• **Provided information**
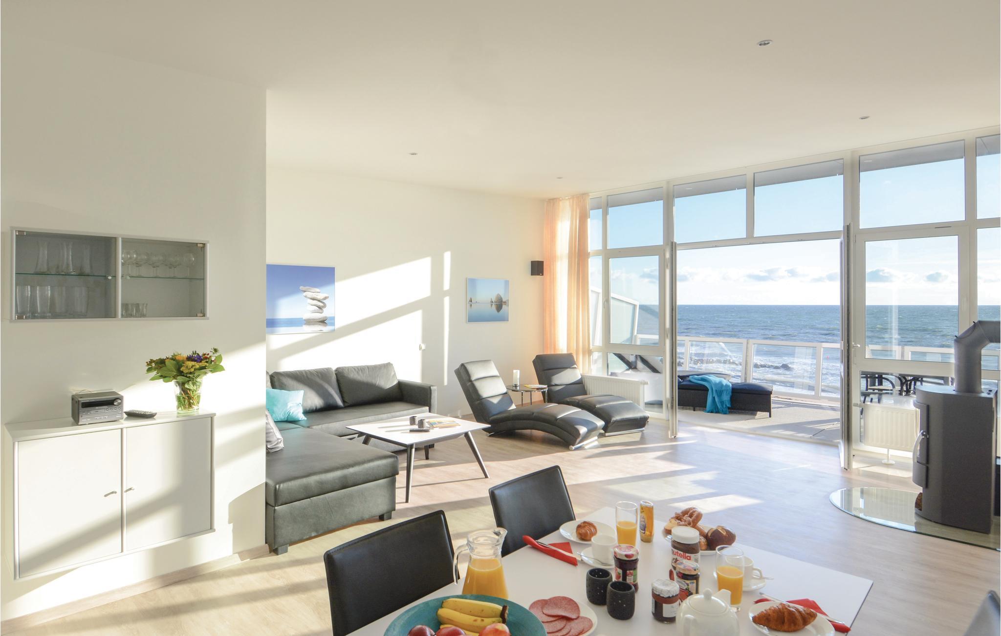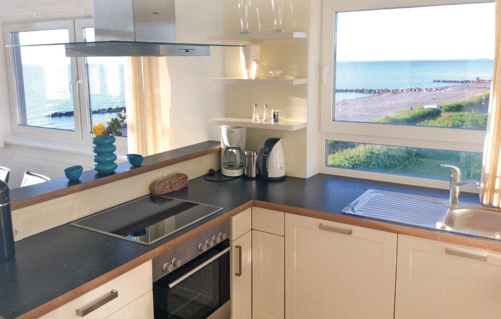 Die Ferienwohnung bietet mit 110 m² viel Platz für bis zu sechs Personen (zwei Schlafplätze auf dem ausziehbaren Sofa im Wohnbereich) und verfügt über eine eigene, kleine Wellnessoase mit 2-Personen-Whirlpool und Sauna. Sollte das Wetter einmal nicht mitspielen, kann man hier herrlich entspannten. Auch die zwei HD-Fernseher sowie die Spielekonsole (XBOX kinect) lassen keine Langeweile aufkommen. Das Ferienhaus verfügt über WLAN mit Glasfaser. Im Winter sorgt der skandinavische Kaminofen für eine besonders gemütliche Atmosphäre - hier kann man neben dem knisternden Kaminfeuer die Panoramaaussicht auf die stürmische Ostsee genießen.
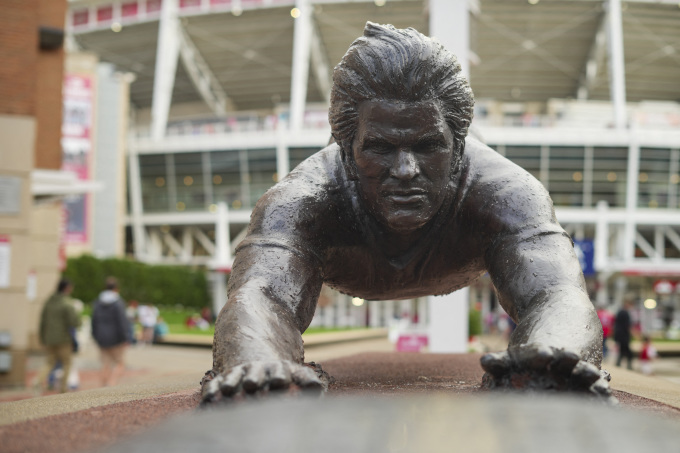| [신시내티 로이터=뉴스핌] 장환수 스포츠전문기자= 피트 로즈가 영구제명에서 복권된 5월 14일 신시내티 아메리칸 볼파크에서 촬영한 그의 동상. 2025.05.14 zangpabo@newspim.com |
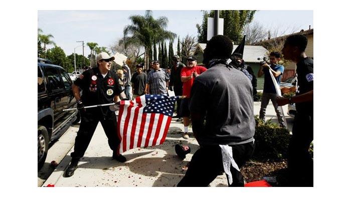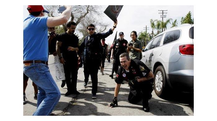 (رويترز) - قالت الشرطة فى ولاية كاليفورنيا الأمريكية إن ما لا يقل عن ثلاثة أشخاص تعرضوا للطعن أحدهم حالته خطيرة فى مشاجرة بين أعضاء فى جماعة كو كلوكس كلان ومحتجين مناهضين قرب تجمع فى انهايم بكاليفورنيا. وقالت السارجنت دارون ويات من إدارة شرطة انهايم إن أربعة أشخاص اعتُقلوا فى أعقاب المشاجرة من بينهم أحد أعضاء جماعة كو كلوكس كلان متهم بالطعن.
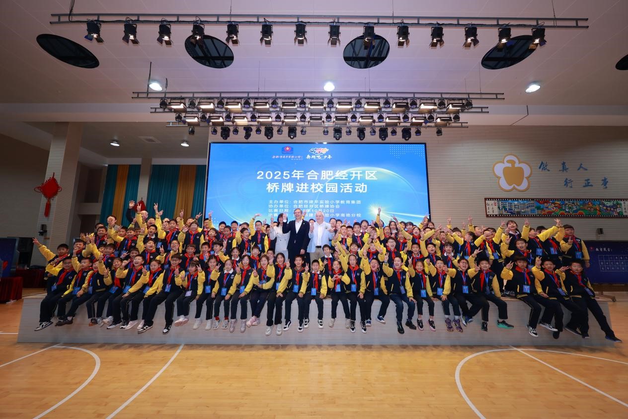 据悉,作为第五届全国智运会桥牌赛事举办地,合肥经开区近年来通过“桥牌进校园”积极培育新生力量,2023年,合肥建平桥牌社团依托学校课后三点半课堂应运而生,自成立以来多次代表学校参加各级桥牌赛事,在经开区首届及第二届桥牌公开赛中,分别荣获多项组别冠亚季军的优异成绩;在2025年全国桥牌综合锦标赛U16组公开赛的排位赛中,由南艳分校6名年龄不足12周岁的同学组成的少年桥牌队,以安徽省首支青少年队伍的身份亮相上海赛场并顺利完成比赛任务,创造了安徽桥牌运动发展史上的重要里程碑。(孙晓佳 汪乐)
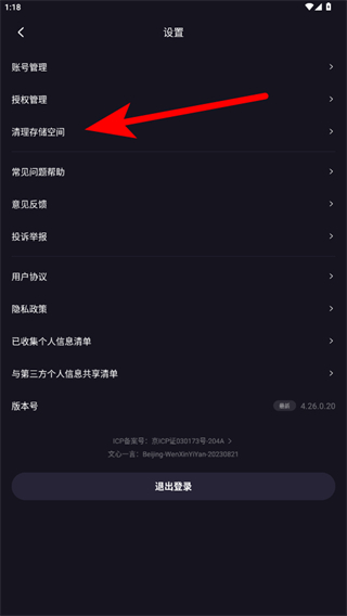 3、在設(shè)置頁(yè)面中點(diǎn)擊清理存儲(chǔ)空間,進(jìn)入清理存儲(chǔ)空間頁(yè)面。
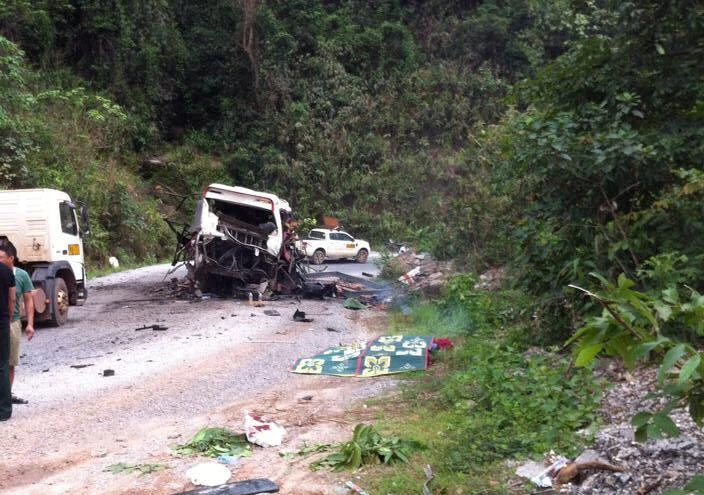 Tại điểm tai nạn đường đồi núi, cua gấp và có dốc cao.

• **Task item**
Copy out the material exactly as it stands, though no picture should appear in the copy.

• **Task output**
 Die Ferienwohnung bietet mit 110 m² viel Platz für bis zu sechs Personen (zwei Schlafplätze auf dem ausziehbaren Sofa im Wohnbereich) und verfügt über eine eigene, kleine Wellnessoase mit 2-Personen-Whirlpool und Sauna. Sollte das Wetter einmal nicht mitspielen, kann man hier herrlich entspannten. Auch die zwei HD-Fernseher sowie die Spielekonsole (XBOX kinect) lassen keine Langeweile aufkommen. Das Ferienhaus verfügt über WLAN mit Glasfaser. Im Winter sorgt der skandinavische Kaminofen für eine besonders gemütliche Atmosphäre - hier kann man neben dem knisternden Kaminfeuer die Panoramaaussicht auf die stürmische Ostsee genießen.
| [신시내티 로이터=뉴스핌] 장환수 스포츠전문기자= 피트 로즈가 영구제명에서 복권된 5월 14일 신시내티 아메리칸 볼파크에서 촬영한 그의 동상. 2025.05.14 zangpabo@newspim.com |
 (رويترز) - قالت الشرطة فى ولاية كاليفورنيا الأمريكية إن ما لا يقل عن ثلاثة أشخاص تعرضوا للطعن أحدهم حالته خطيرة فى مشاجرة بين أعضاء فى جماعة كو كلوكس كلان ومحتجين مناهضين قرب تجمع فى انهايم بكاليفورنيا. وقالت السارجنت دارون ويات من إدارة شرطة انهايم إن أربعة أشخاص اعتُقلوا فى أعقاب المشاجرة من بينهم أحد أعضاء جماعة كو كلوكس كلان متهم بالطعن.
 据悉,作为第五届全国智运会桥牌赛事举办地,合肥经开区近年来通过“桥牌进校园”积极培育新生力量,2023年,合肥建平桥牌社团依托学校课后三点半课堂应运而生,自成立以来多次代表学校参加各级桥牌赛事,在经开区首届及第二届桥牌公开赛中,分别荣获多项组别冠亚季军的优异成绩;在2025年全国桥牌综合锦标赛U16组公开赛的排位赛中,由南艳分校6名年龄不足12周岁的同学组成的少年桥牌队,以安徽省首支青少年队伍的身份亮相上海赛场并顺利完成比赛任务,创造了安徽桥牌运动发展史上的重要里程碑。(孙晓佳 汪乐)
 3、在設(shè)置頁(yè)面中點(diǎn)擊清理存儲(chǔ)空間,進(jìn)入清理存儲(chǔ)空間頁(yè)面。
 Tại điểm tai nạn đường đồi núi, cua gấp và có dốc cao.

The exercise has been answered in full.